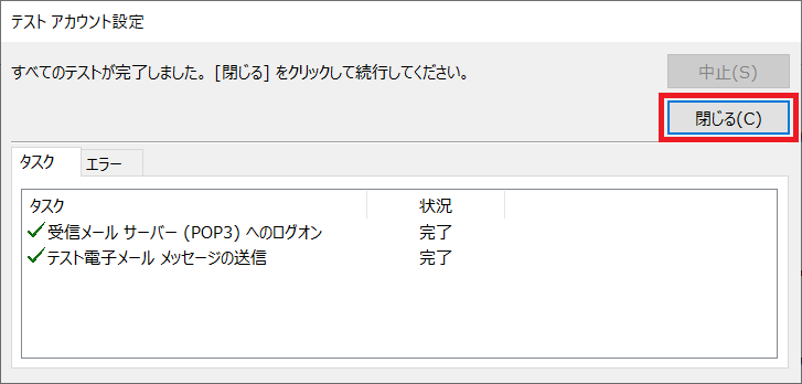 11 接続テストが完了したことを確認し、【閉じる】をクリックします
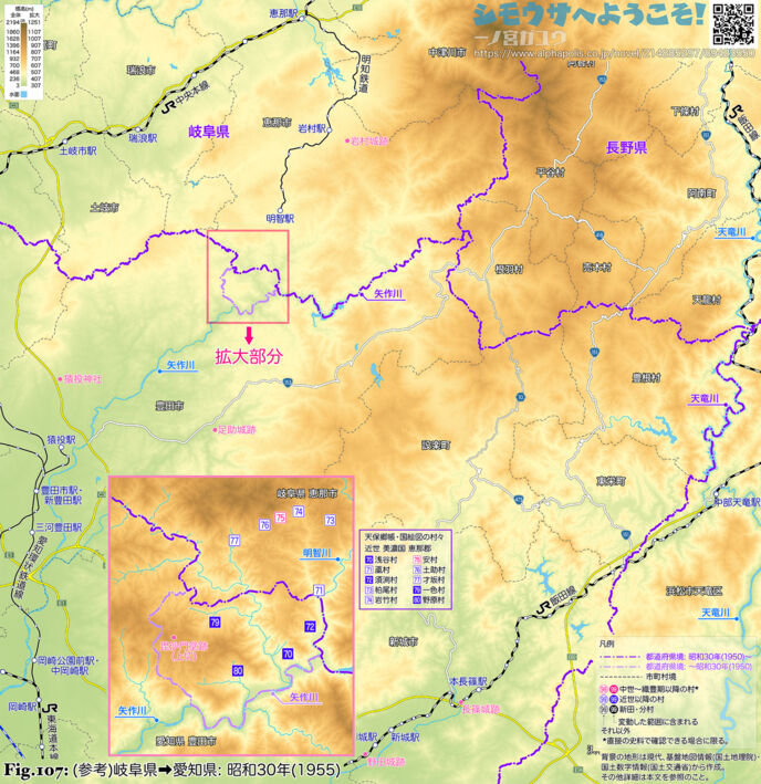 昭和30年(1955) (❉1) 岐阜県 恵那郡 三濃村のうち、近世 美濃国 恵那郡の浅谷・須渕・一色・野原の各村にあたる地域は愛知県 東加茂郡 旭村に編入された。結果として美濃・三河の国界は矢作川から北部の尾根筋へ移動したことになる。もちろん、この時点で美濃国も三河国も地域区分としては用いられておらず、変動があったのは県境だけである。なお残余は岐阜県 明智町に編入された。
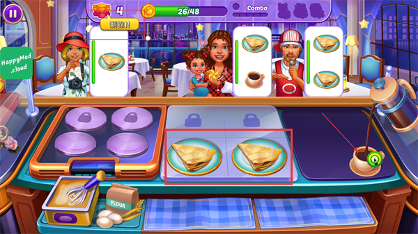 4、完成顾客订单后,可获得金币奖励,积累金币用于解锁新的食材。
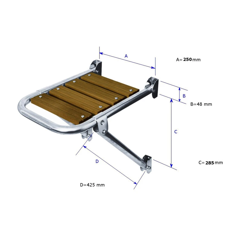 Hergestellt aus hochglanzpoliertem Edelstahl mit Trittfläche aus Teak-Holz.
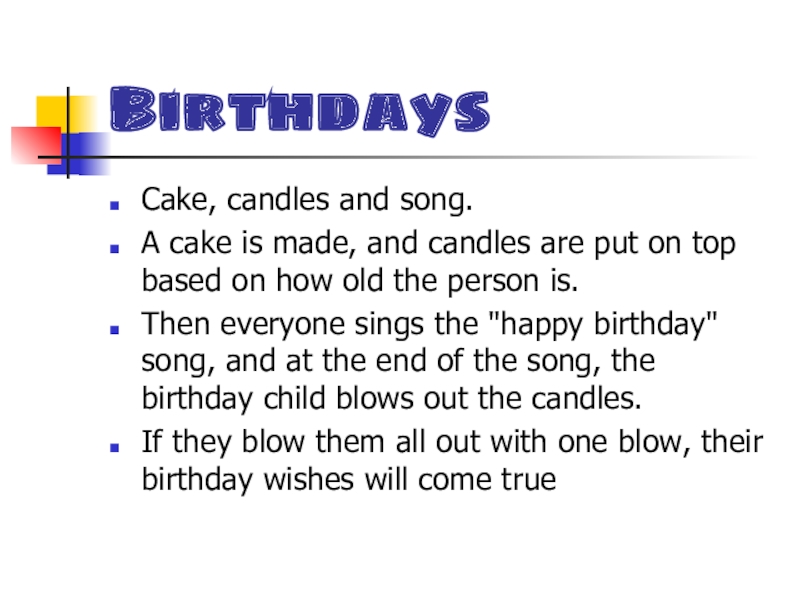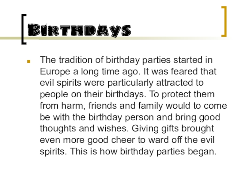 ago. It was feared that evil spirits were particularly attracted to people on their birthdays. To protect them from harm, friends and family would to come be with the birthday person and bring good thoughts and wishes. Giving gifts brought even more good cheer to ward off the evil spirits. This is how birthday parties began.
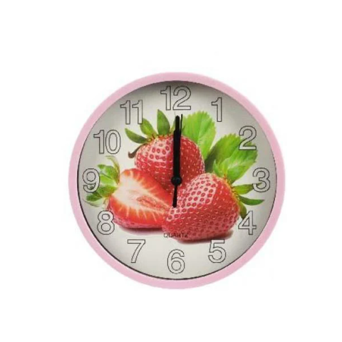 Настінний годинник Круг кольоровий Фрукти D19,5×4 см - круглий з фруктовими малюнками, яскравий для кухні чи дитячої.
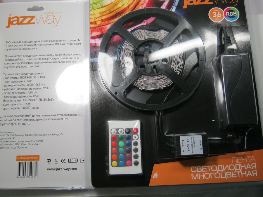 В корзину Купить в 1 клик JazzWay Блистер LED SMD 5050/30-RGB IP20 3.6 м с блоком питания и пультом ZC-F5050BL30B-RGB-BL3.6
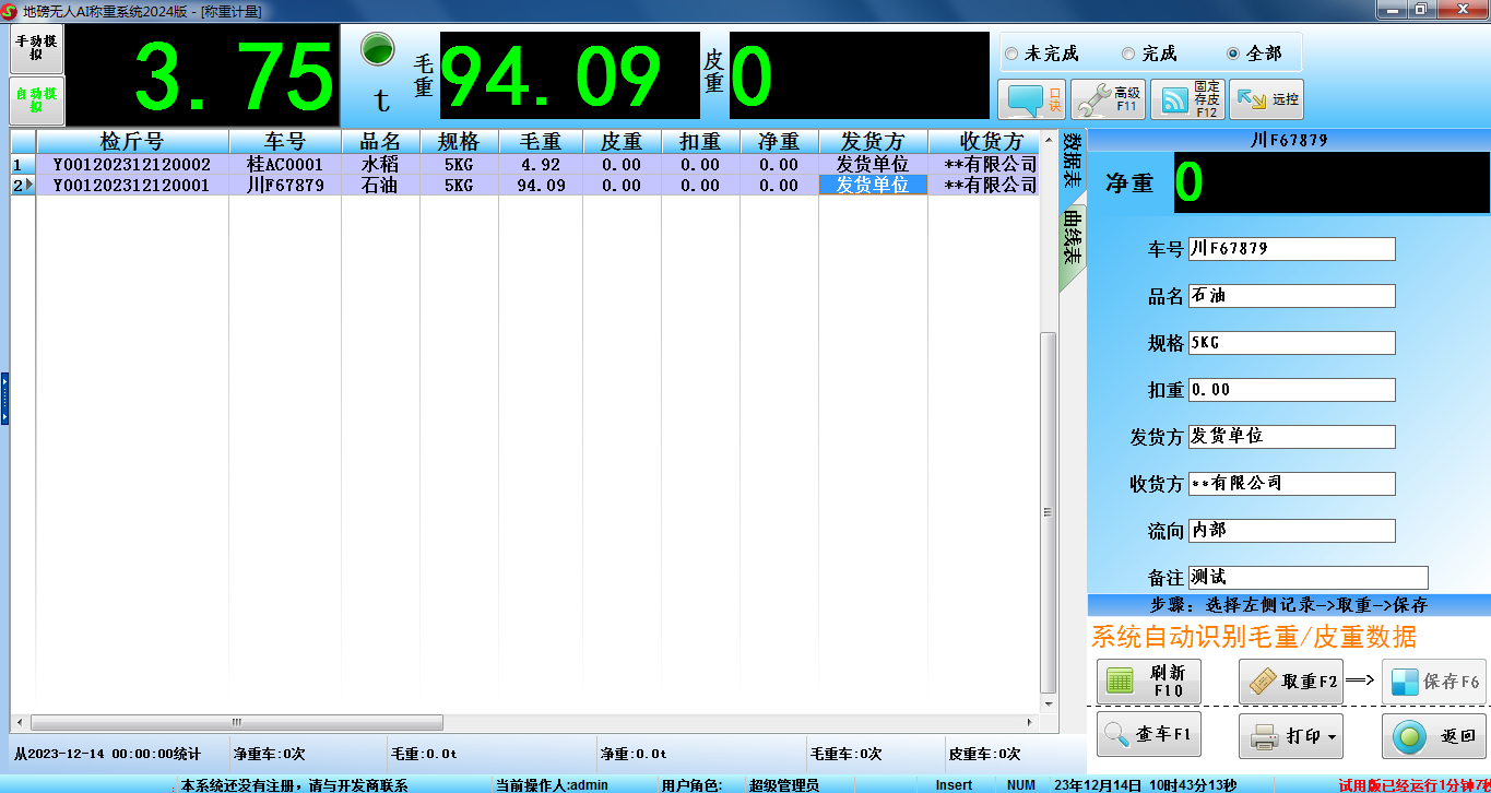 人工半自動稱重模式,同樣具備簡單易操作的特性。同時集成在我們的軟件系統(tǒng)中,隨時均可以使用。
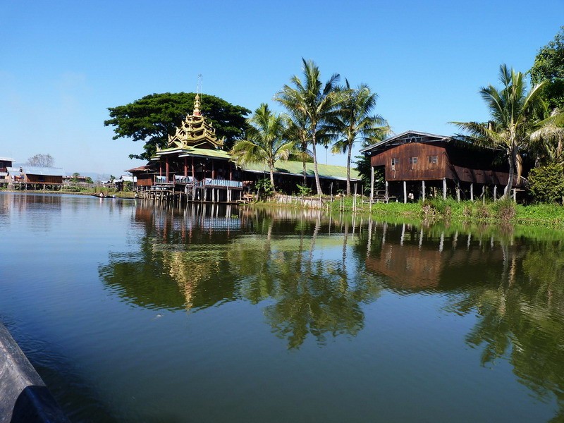, чтобы побывать на озере Инле. На въезде в город с нас содрали по 5 $. Что-то типа национального парка. Гостиницу нашли около красивого монастыря с несколькими золочёными пагодами. На всех пагодах звенят на ветру колокольчики. В темноте поужинали и прогулялись в сторону лодочной станции, где нашли лодочника и договорились с ним на завтра о путешествии на ½ дня с осмотром выбранных нами достопримечательностей. Это стоило 9 000 чат со всех.
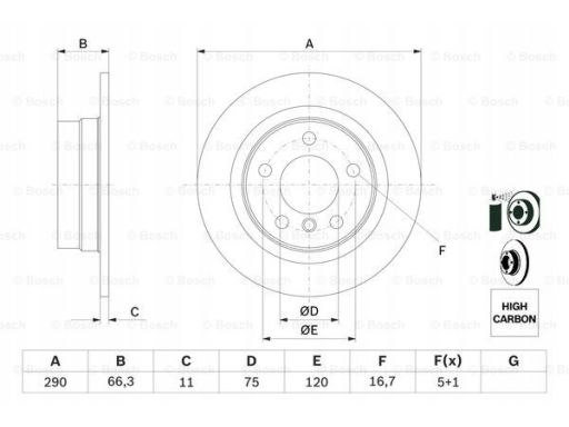 TARCZA HAMULCOWA TYŁ L/P PASUJE DO: BMW 1 (F20), 1 (F21), 2 (F22, F87), 2 (F23) 1.5-2.0D 07.11-06.21
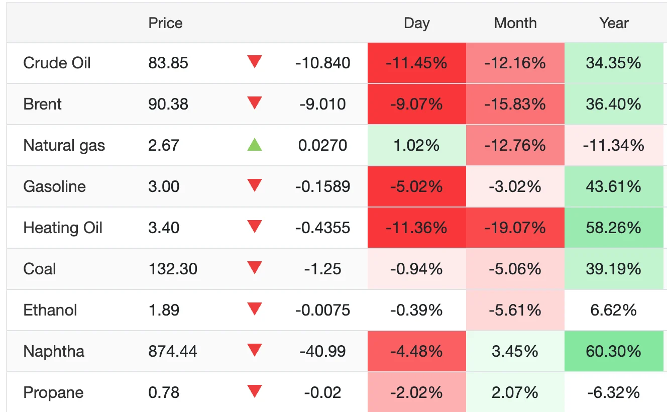 Giá dầu Brent giao sau đã lao dốc về dưới mốc 90 USD/thùng trong phiên, trước khi chốt tại 91,87 USD/thùng với mức giảm 7,520 USD, tương đương 7,57%. Đây là mức giá thấp nhất của dầu Brent trong gần 5 tuần qua. Dầu thô WTI của Mỹ còn giảm sâu hơn, mất 9,120 USD tương đương 9,63% và chốt ở 85,57 USD/thùng.

→ WORK TASK:
Return exactly the lines that appear in the data above between the line containing "ago. It was" and the line containing "人工半自動稱重模式,同樣具備", both of which are included, and leave the pictures out.

→ RESPONSE:
 ago. It was feared that evil spirits were particularly attracted to people on their birthdays. To protect them from harm, friends and family would to come be with the birthday person and bring good thoughts and wishes. Giving gifts brought even more good cheer to ward off the evil spirits. This is how birthday parties began.
 Настінний годинник Круг кольоровий Фрукти D19,5×4 см - круглий з фруктовими малюнками, яскравий для кухні чи дитячої.
 В корзину Купить в 1 клик JazzWay Блистер LED SMD 5050/30-RGB IP20 3.6 м с блоком питания и пультом ZC-F5050BL30B-RGB-BL3.6
 人工半自動稱重模式,同樣具備簡單易操作的特性。同時集成在我們的軟件系統(tǒng)中,隨時均可以使用。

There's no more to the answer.